[Items from a dataset]
+++++
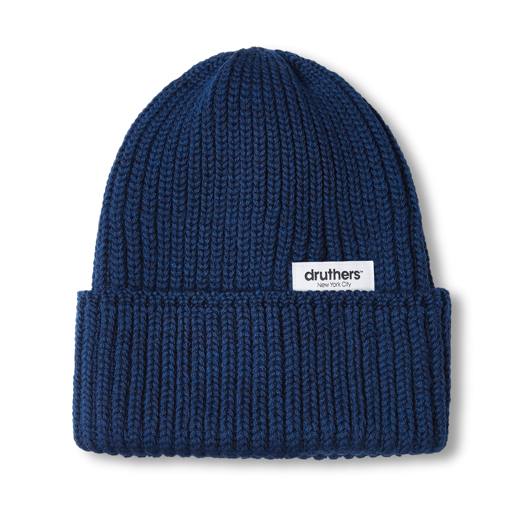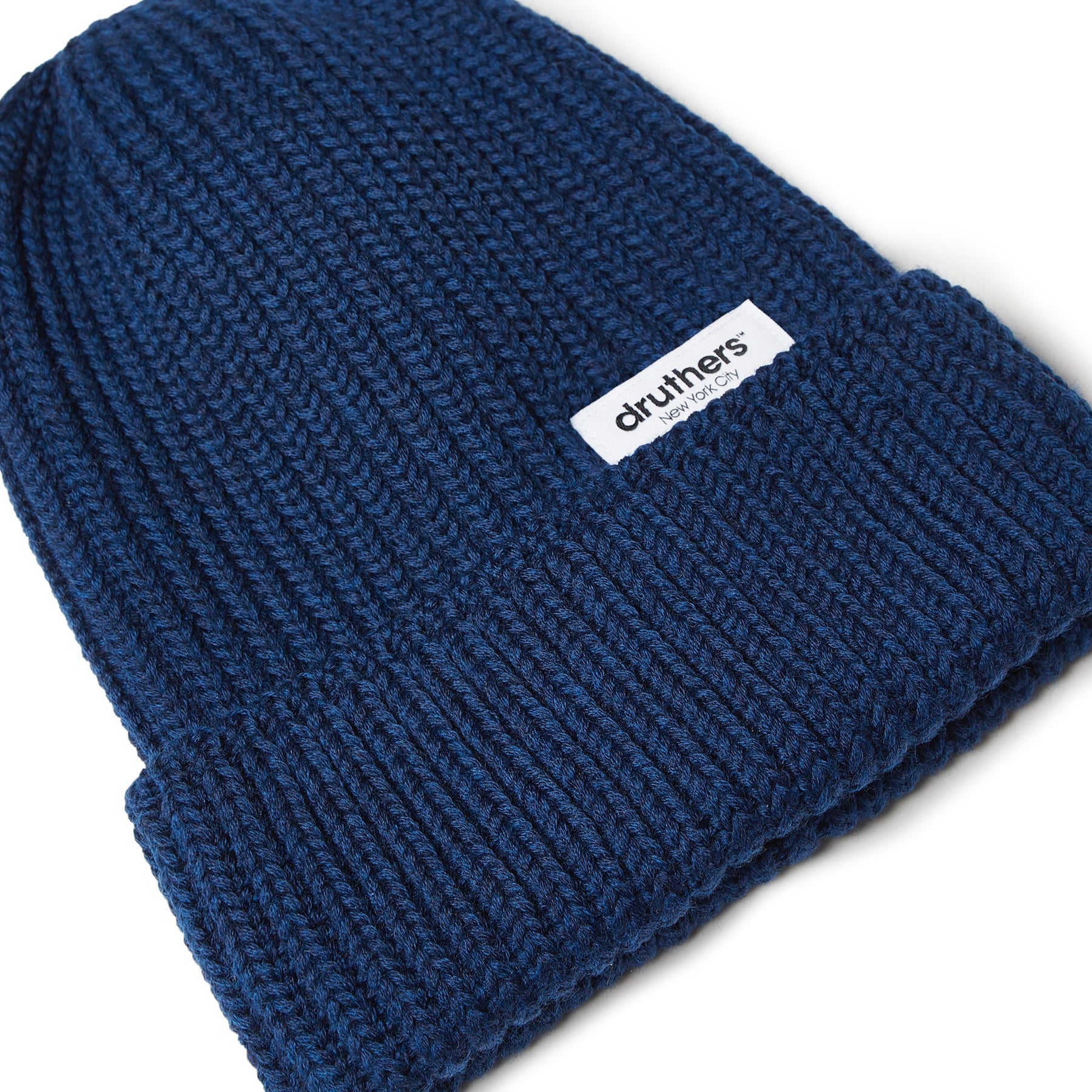Merino Wool Big Knit Cardigan Beanie - Navy Blue
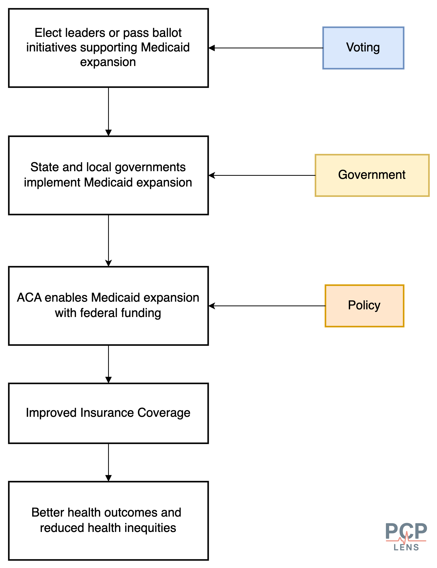 The flowchart below illustrates how a well-functioning system can expand health insurance coverage, especially for minority groups, when they are allowed to participate in the civic process.
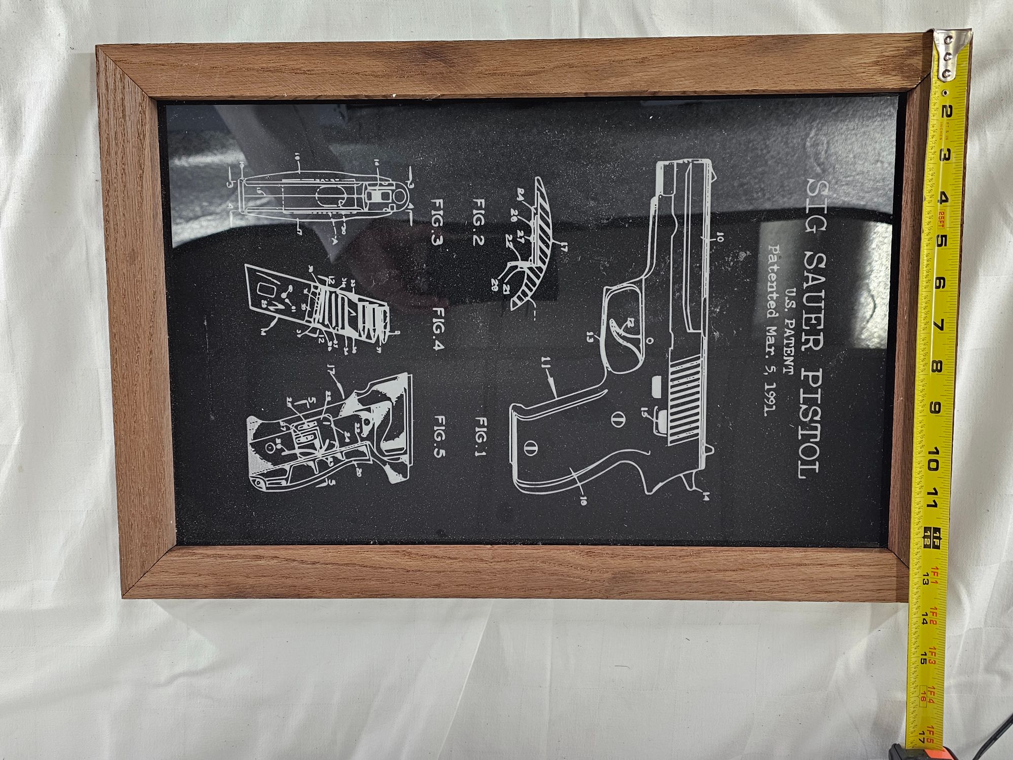 3X PISTOL PATENT BLUEPRINT WALL DECORATION, WOOD FRAMED, SIG SAUER, GLOCK, J.M. BROWNING
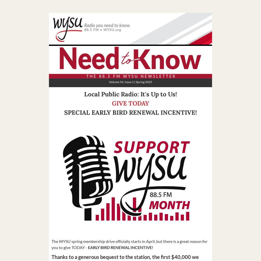 The WYSU spring membership drive officially starts in April, but there is a great reason for you to give TODAY - EARLY BIRD RENEWAL INCENTIVE!
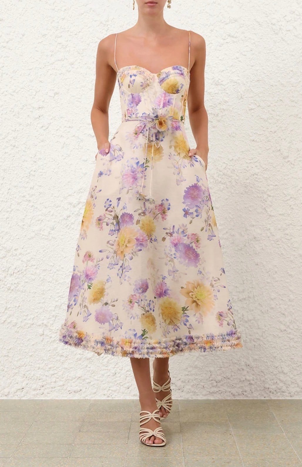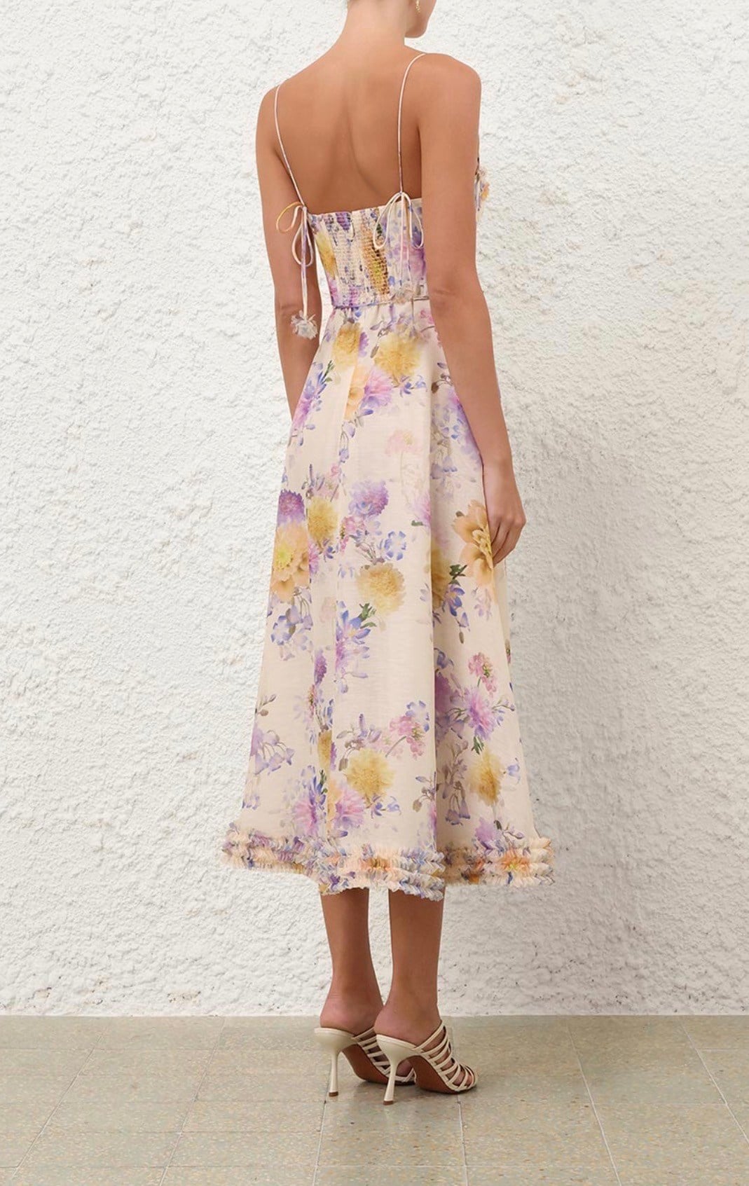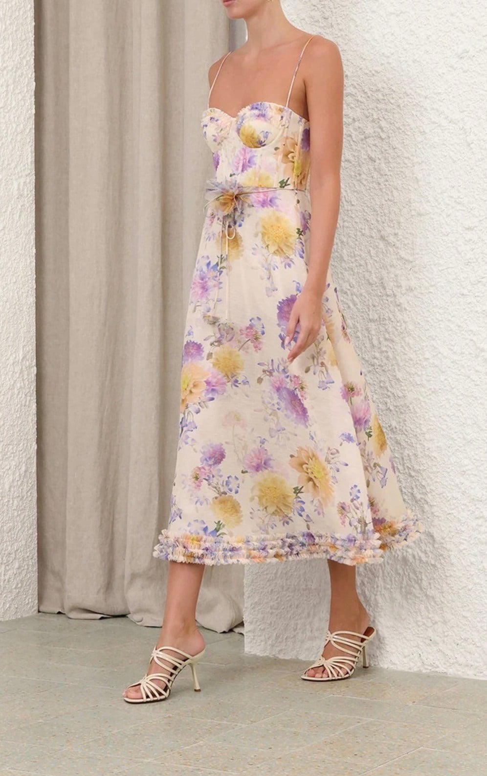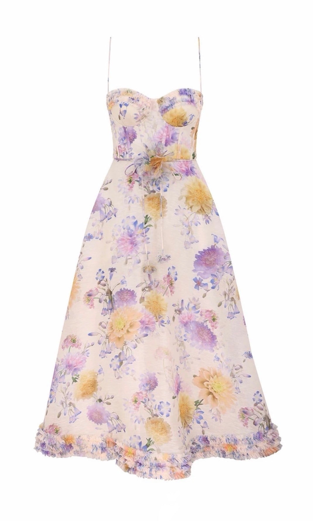 İpek İp Askılı Çiçek Desenli Midi Premium Elbise (DA0003548)
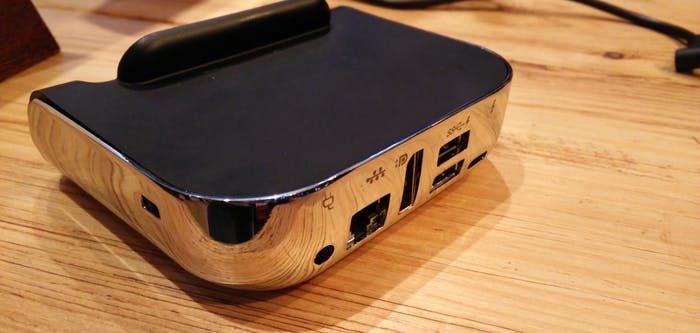 HP heeft een eigen dock gemaakt, een flink blok dat stijlvol is vormgegeven en mooi staat op je bureau, waarin je de Elite X3 via usb-C en hdmi kunt aansluiten op een beeldscherm. Aan de achterkant van het dock zitten nog een aantal extra aansluitingen zoals twee usb-poorten, een usb-C-poort, en zelfs een ethernet-aansluiting - die laatste heeft Microsofts eigen Display Dock niet eens.
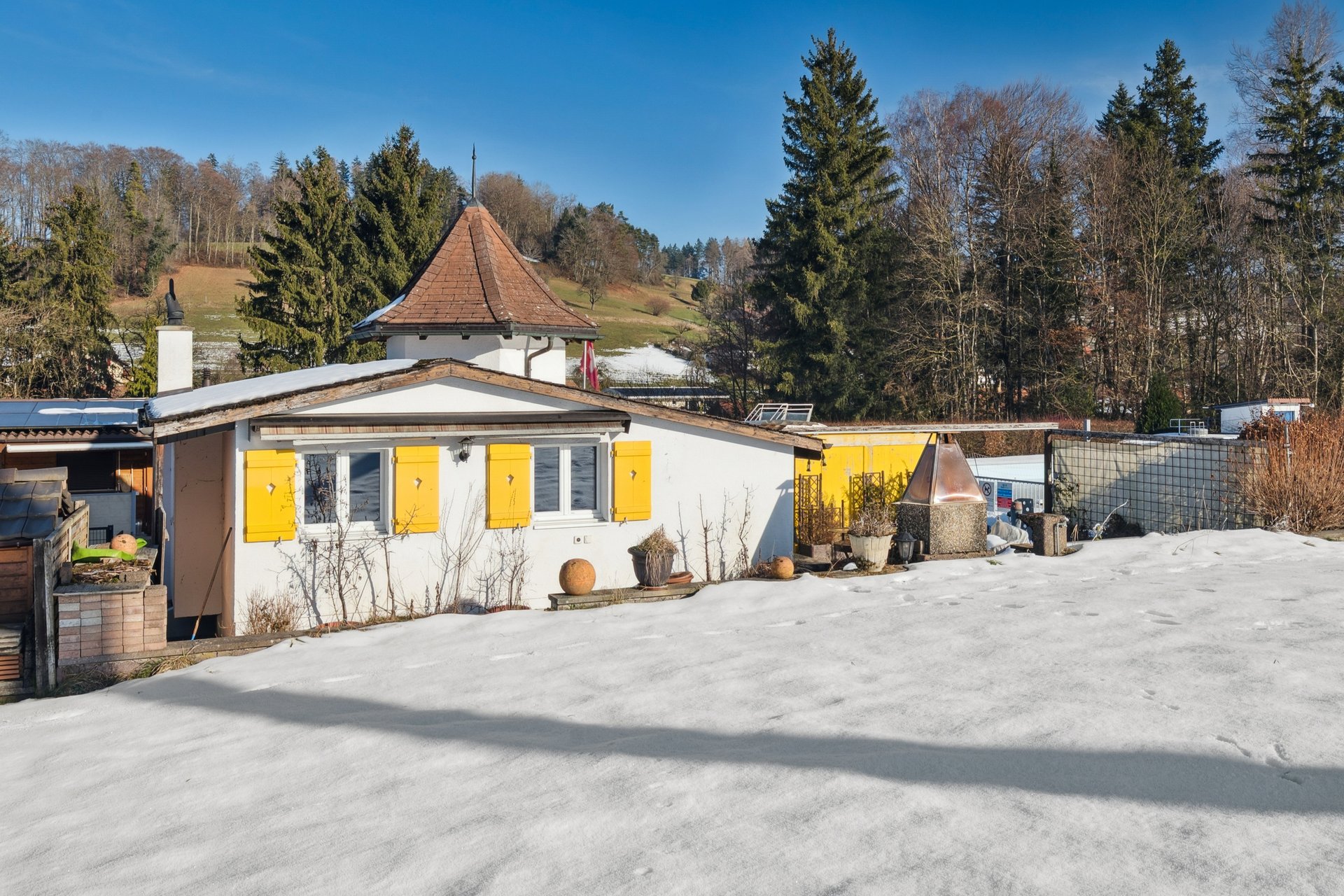 Ein weiterer Pluspunkt ist die attraktive Gemeinschaftsanlage: In den Sommermonaten steht ein grosses Schwimmbad zur Mitbenutzung zur Verfügung und bietet eine willkommene Abkühlung an warmen Tagen. Gleichzeitig ist die Siedlung längst nicht nur ein Ferienort – rund 80 % der Bewohner leben ganzjährig hier.
+++++
# Assignment
Your task is to reproduce the entries above word for word, from the first line through the line with "3X PISTOL PATENT", and please leave out any pictures.

# Your response
Merino Wool Big Knit Cardigan Beanie - Navy Blue
 The flowchart below illustrates how a well-functioning system can expand health insurance coverage, especially for minority groups, when they are allowed to participate in the civic process.
 3X PISTOL PATENT BLUEPRINT WALL DECORATION, WOOD FRAMED, SIG SAUER, GLOCK, J.M. BROWNING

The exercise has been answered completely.